图9(A)示出了在对象M的移动期间测量的上下加速度的时间波形的示例。图9(B)示出了在对象M的移动期间测量的前后加速度的时间波形的示例。图9(C)示出了图9(B)所示的前后加速度的一阶导数波形。在步骤S34,在前后加速度的一阶导数波形中找到最靠近凹点Tr的位置的最右侧的峰值Pb。也就是说,找到紧跟在凹点Tr之后的峰值Pb。峰值Pb对应于接收由于脚跟着地而在向后方向上减速的身体重心(即,身体重心在向前方向上被拉回)。从任意一个凹点Tr的位置到紧接在该凹点Tr之后的峰值Pb的位置的时间范围被设定为用于紧跟在脚跟着地之后的迈步动作时刻T1的搜索范围。FIG. 9(A) shows an example of the time waveform of the vertical acceleration measured during the movement of the object M. FIG. FIG. 9(B) shows an example of the time waveform of the back-and-forth acceleration measured during the movement of the object M. FIG. FIG. 9(C) shows the waveform of the first derivative of the front and rear acceleration shown in FIG. 9(B). In step S34, the rightmost peak value Pb at the position closest to the pit Tr is found in the waveform of the first derivative of the front and rear acceleration. That is, the peak Pb immediately after the pit Tr is found. The peak Pb corresponds to the body center of gravity receiving deceleration in the rearward direction due to the heel strike (ie, the body center of gravity being pulled back in the forward direction). The time range from the position of any one of the pits Tr to the position of the peak Pb immediately after the pit Tr is set as the search range for the swing action timing T1 immediately after the heel strike.
接下来,控制单元64在设定的搜索范围中搜索紧跟在脚跟着地之后的迈步动作时刻T1。由于作为在脚跟着地之后立即迈步的结果,步行期间的身体重心上升,因此上下加速度呈现紧跟在脚跟着地时刻HC之后的从向上方向到向下方向的拐点。然后,在图9(A)所示的上下加速度的时间波形中,在搜索周期中,搜索从向上方向到向下方向的拐点出现时的时间,即,上下加速度最大时的时间。Next, the control unit 64 searches for the step motion time T1 immediately after the heel strike in the set search range. Since the center of gravity of the body during walking rises as a result of the step immediately after the heel strike, the up-down acceleration presents an inflection point from the upward direction to the downward direction immediately after the heel strike time HC. Then, in the time waveform of the vertical acceleration shown in FIG. 9(A) , in the search period, the time when the inflection point from the upward direction to the downward direction appears, that is, the time when the vertical acceleration is maximum is searched.
(S35:搜索紧跟在跖球着地之后的迈步动作时刻)(S35: Search for the moment of the step movement immediately after the ball touches the ground)

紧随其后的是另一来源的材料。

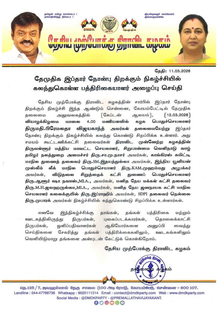 தேசிய முற்போக்கு திராவிட கழகத்தின் சார்பில் இப்தார் நோன்பு திறக்கும் நிகழ்ச்சி இந்த ஆண்டும் சென்னை, கோயம்பேட்டில் தேமுதிக தலைமை அலுவலகத்தில் (கேப்டன் ஆலயம்), (12.03.2026) வியாழக்கிழமை மாலை 4.00 மணியளவில் […]
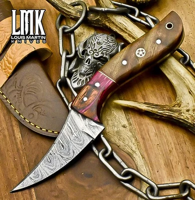 LMK Forged Skinner Knife Twist Damascus Hard Wood Wooden Bolster EDC
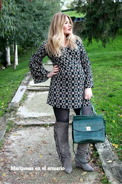 Los vestidos con mangas acampanadas me gustan desde siempre y cuando vi este me enamoré (otra vez☺), tiene de nuevo un aire setentero que me encanta, así que como mi tripa cada vez es más y más grande y eso hace que la ropa me quede más corta, aprovecho para ponerme mis botas por encima de la rodilla que creo que este corte queda muy bien con corte mini, ya me diréis que os parece ; )
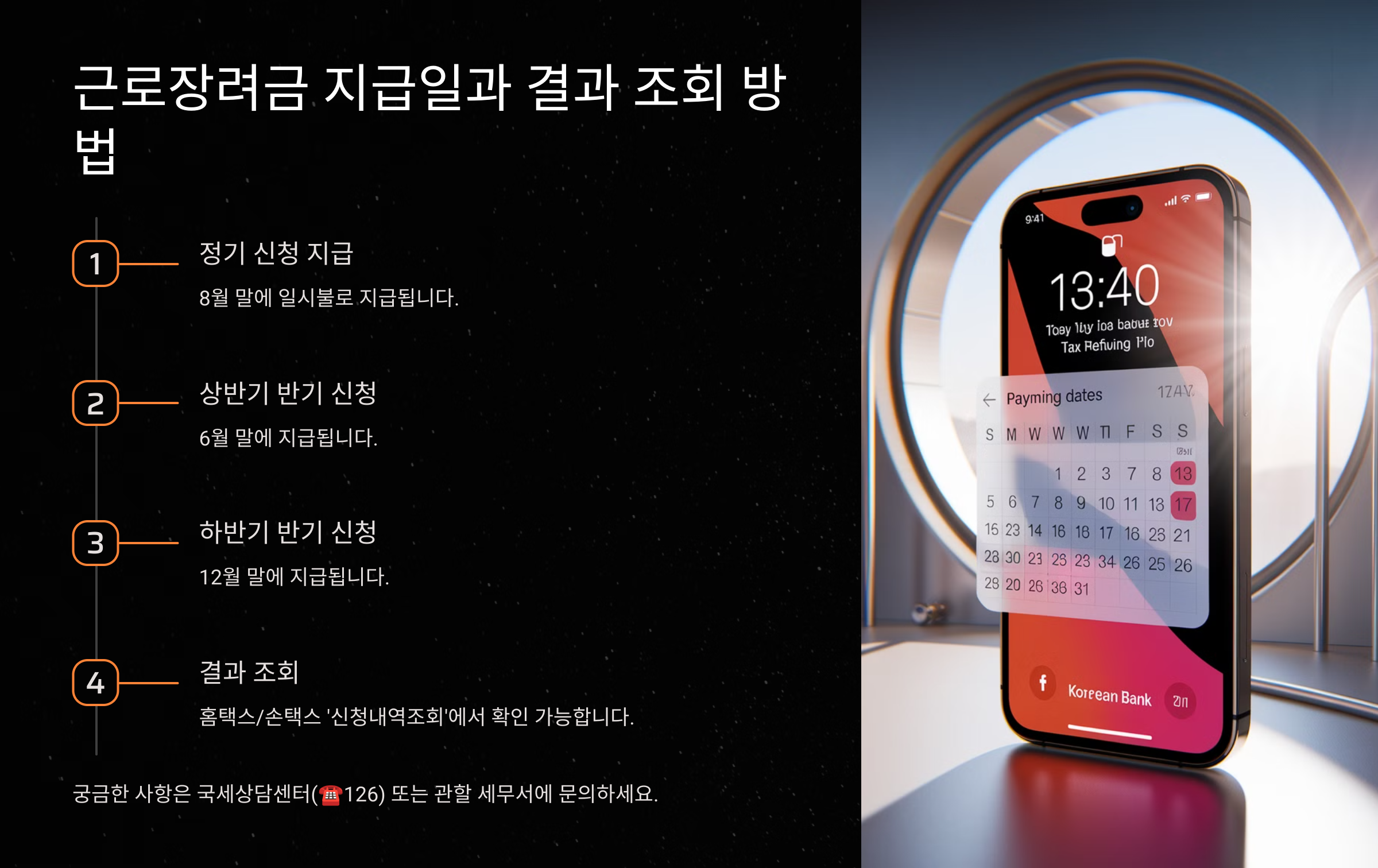 2025년 상반기 정기신청은 5월 1일부터 5월 31일까지이며, 심사를 거쳐 9월 말에 근로장려금이 지급됩니다. 반기신청자는 상반기분은 9월, 하반기분은 이듬해 3월에 각각 지급돼요. 국세청 발표에 따르면 올해도 신청자 수가 증가할 것으로 예상돼 처리 기간이 지연될 수 있으니 미리 신청하는 게 좋아요 🔔
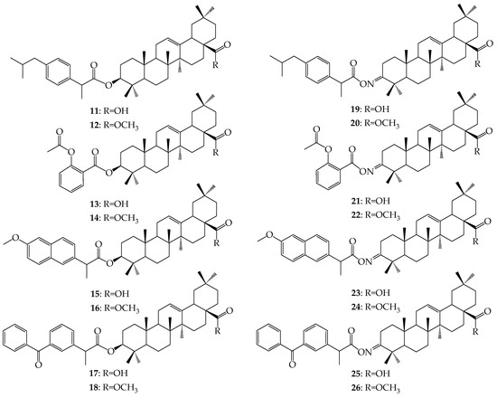 Inspired by the latest literature reports [4,5,6] as a key modulator of the activity of other biologically-active compounds (NSAIDs), we decided to use the broadly advantageous structure of naturally-occurring 3β-hydroxyolean-12-en-28-oic acid, commonly known as oleanolic acid (1). From a chemical point of view, it belongs to pentacyclic triterpene from the β-amyrine group with five six-membered cycles in the molecule, which offers great powers both as a bioactive molecule and as a carrier for other external activities. In nature, this compound exists either as a free acid or as a component of triterpenoid saponins, in which it can be linked with one or more sugar chains. This natural triterpene, widely distributed in plants, has shown several relevant biological activities including the modulation of the immune inflammatory response [7]. Oleanolic acid and its derivatives possess several promising pharmacological activities, such as hepatoprotective and anti-inflammatory, antiviral, antibacterial, fungicidal, antioxidant, or anticancer [8]. Therefore, terpenes containing the hydroxyl or hydroxyimino reactive groups can be used to prepare derivatives with the commercial anti-inflammatory drugs with a carboxylic function, leading to new dual compounds. Recently, its semi-synthetic acyloxyimino derivatives with analgesic and anti-inflammatory effects were also reported [9,10]. In the last decade NSAID drugs have been extensively investigated for anticancer and chemopreventive activity against various types of cancers [11,12]. They appear to act via depression of prostaglandin synthesis through inhibiting cyclooxygenase-2, which results in suppression of proliferation, possibly throught enhancement of apoptosis [13]. However, NSAID drugs are known for their side effects on the gastrointestinal system, particulary stomach ulceration, bleeding, perforation, and action exerted by contact of drug with gastric mucosa [14]. Inflammation is not direct, but very often the initial, trigger of several different diseases, it is supposed that fusing the anti-inflammatory drugs and the oleanane active structure, resulting in combined compounds, showed an enhanced biological effect with synergistic action and minimized toxicity or adverse reactions.
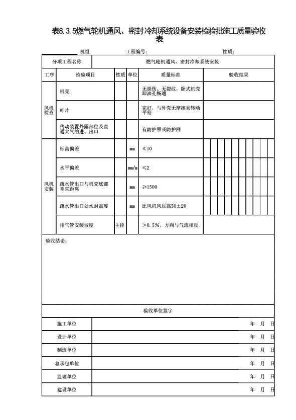 表格名称:表8.3.5 燃气轮机通风、密封冷却系统设备安装检验批施工质量验收表
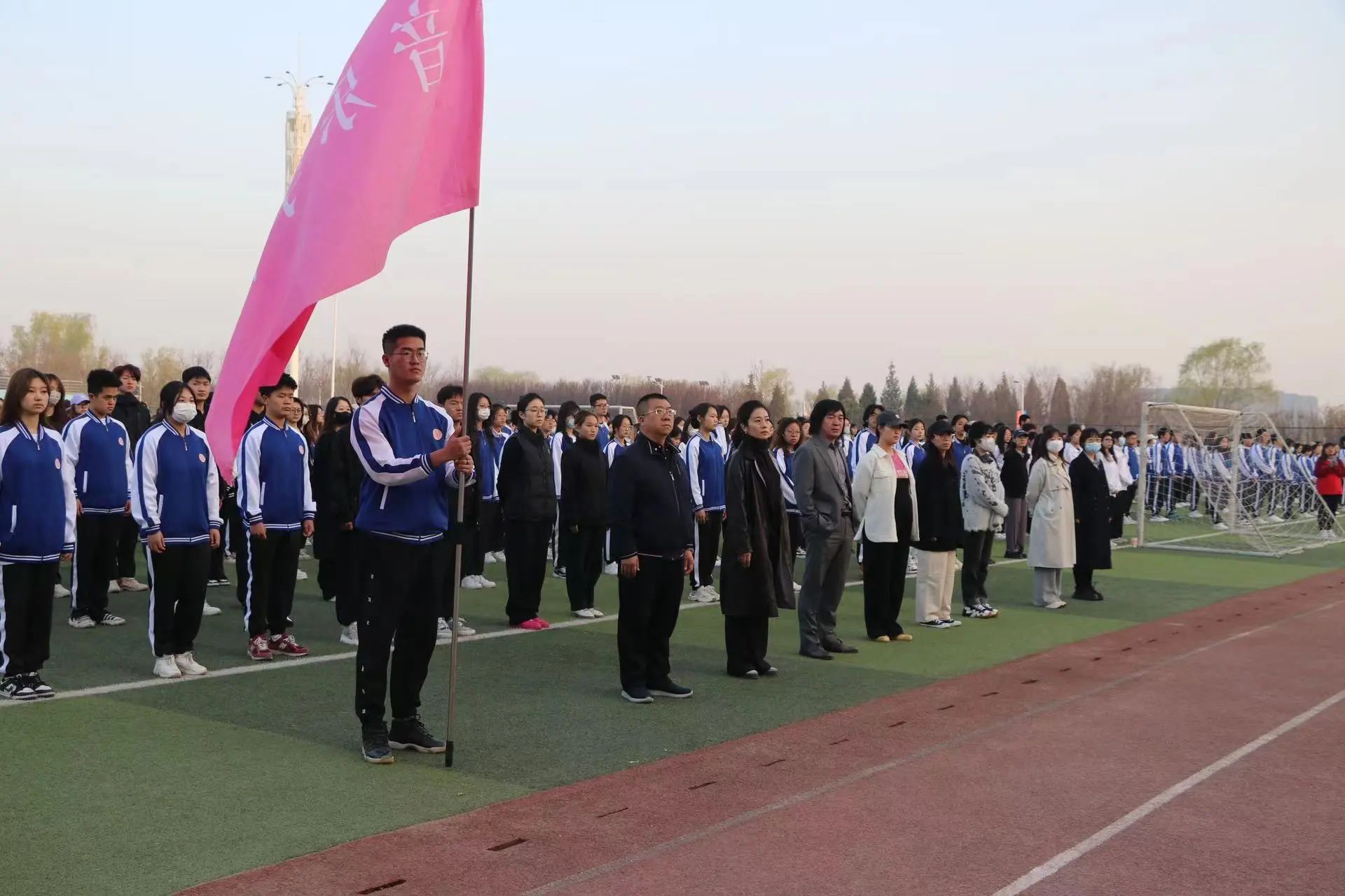 院长刘明星,院党委副书记(主持工作)雷晶,副院长曹晓磊,院团委副书记李阳,专职辅导员苏睿,专职辅导员吉璐,全体辅导员及全体学生参加此次升旗仪式。

在步骤S35,控制单元64对右脚和左脚中的每一个,从加速度的时间波形中搜索在跖球着地之后立即执行迈步动作时的时间(紧跟在跖球着地之后的迈步动作时刻)T2。在搜索中,设定将搜索紧跟在跖球着地之后的迈步动作时刻T2的搜索范围。在设定搜索范围时,使用上下加速度的时间波形和上下加速度的一阶导数波形。In step S35, the control unit 64 searches the time waveform of the acceleration for the time when the swing action is performed immediately after the ball touches the ground for each of the right foot and the left foot (the time of the swing action immediately after the ball touch down) T2. In the search, a search range is set to search for the step motion time T2 immediately after the ball touches the ground. When setting the search range, the time waveform of the vertical acceleration and the first derivative waveform of the vertical acceleration are used.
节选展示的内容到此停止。